CN217360549U - Nano-imprinting base station capable of avoiding heating of ultraviolet radiation - Google Patents

Abstract

The utility model provides a nanometer impression base station of avoiding ultraviolet radiation to generate heat, includes that the base is fixed the unit, and the fixed unit of work mould exposes the unit, the unit of airing exhaust, five major part constitutions of casing. Air cooling is replaced by main water cooling, and air circulation is used for further heat dissipation and air replacement. The long-time ultraviolet irradiation is avoided, the ultraviolet lamp and the base station are caused to generate heat, so that the deformation of the imprinting material is avoided, the deformation of the nano structure is avoided, the imprinting precision of the nano imprinting equipment is improved, and the product yield is improved. Compared with air cooling and other modes, the water circulation cooling avoids the vibration of the base platform, and is beneficial to improving the precision of the nano-imprinting equipment. Meanwhile, the air circulation of the dust-free chamber is not influenced by water circulation cooling, and the improvement of cleanliness is facilitated, so that the product yield is improved.

Description

Nano-imprinting base station capable of avoiding heating of ultraviolet radiation

Technical Field

The utility model relates to a nanoimprint lithography technical field specifically is a nanoimprint lithography base station that avoids ultraviolet radiation to generate heat.

Background

The nanoimprint technology was first proposed by the professor Stephen Y Chou in 1995, and is a brand new pattern transfer technology different from the traditional lithography technology in the manufacturing process of a micro-nano device, wherein a photoresist is formed by sensitization without using light or irradiation, and a nano-sized pattern is directly constructed on a silicon substrate or other substrates by utilizing a physical mechanism. Due to the great prospect of the application of the nano-imprinting technology, the nano-imprinting technology is generally regarded by governments and scientists of various countries since being proposed, and the rapid development of the nano-imprinting technology has been caused in the last ten years, so that the nano-imprinting technology becomes one of the current hot research fields.

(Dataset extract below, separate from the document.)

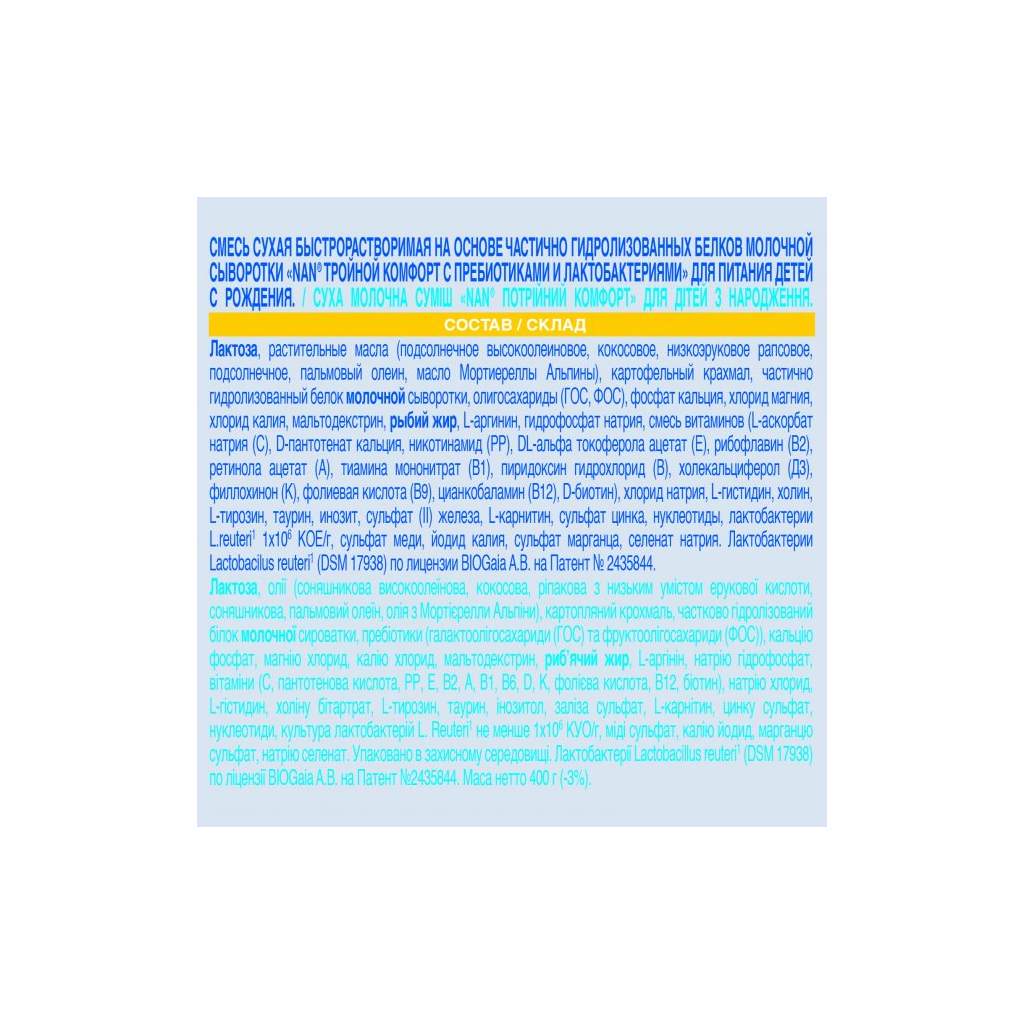 Дитяча суміш Nestle NAN Потрійний комфорт з народження, 400 г – це ідеальний вибір для здорового харчування вашої дитини з перших днів життя. Спеціально розроблена формула забезпечує оптимальне харчування для дітей віком від 0 до 6 місяців, сприяючи здоровому розвитку та запобіганню кольок.

The ultraviolet nano-imprint technology is an imprint lithography technology using ultraviolet cured macromolecules, which is proposed by m.bender and m.otto. The technical contents of ultraviolet nano-imprinting are as follows: firstly, coating ultraviolet photoresist on a substrate, placing the substrate under a mold with a nano microstructure pattern, applying mechanical force to the mold to imprint the ultraviolet photoresist, curing an imprinted region by ultraviolet light after imprinting is finished, and then demolding. Compared with the hot embossing technology which needs to be processed by high temperature, high pressure and cooling, the ultraviolet nano embossing has the advantage of working in the environment of room temperature and low pressure.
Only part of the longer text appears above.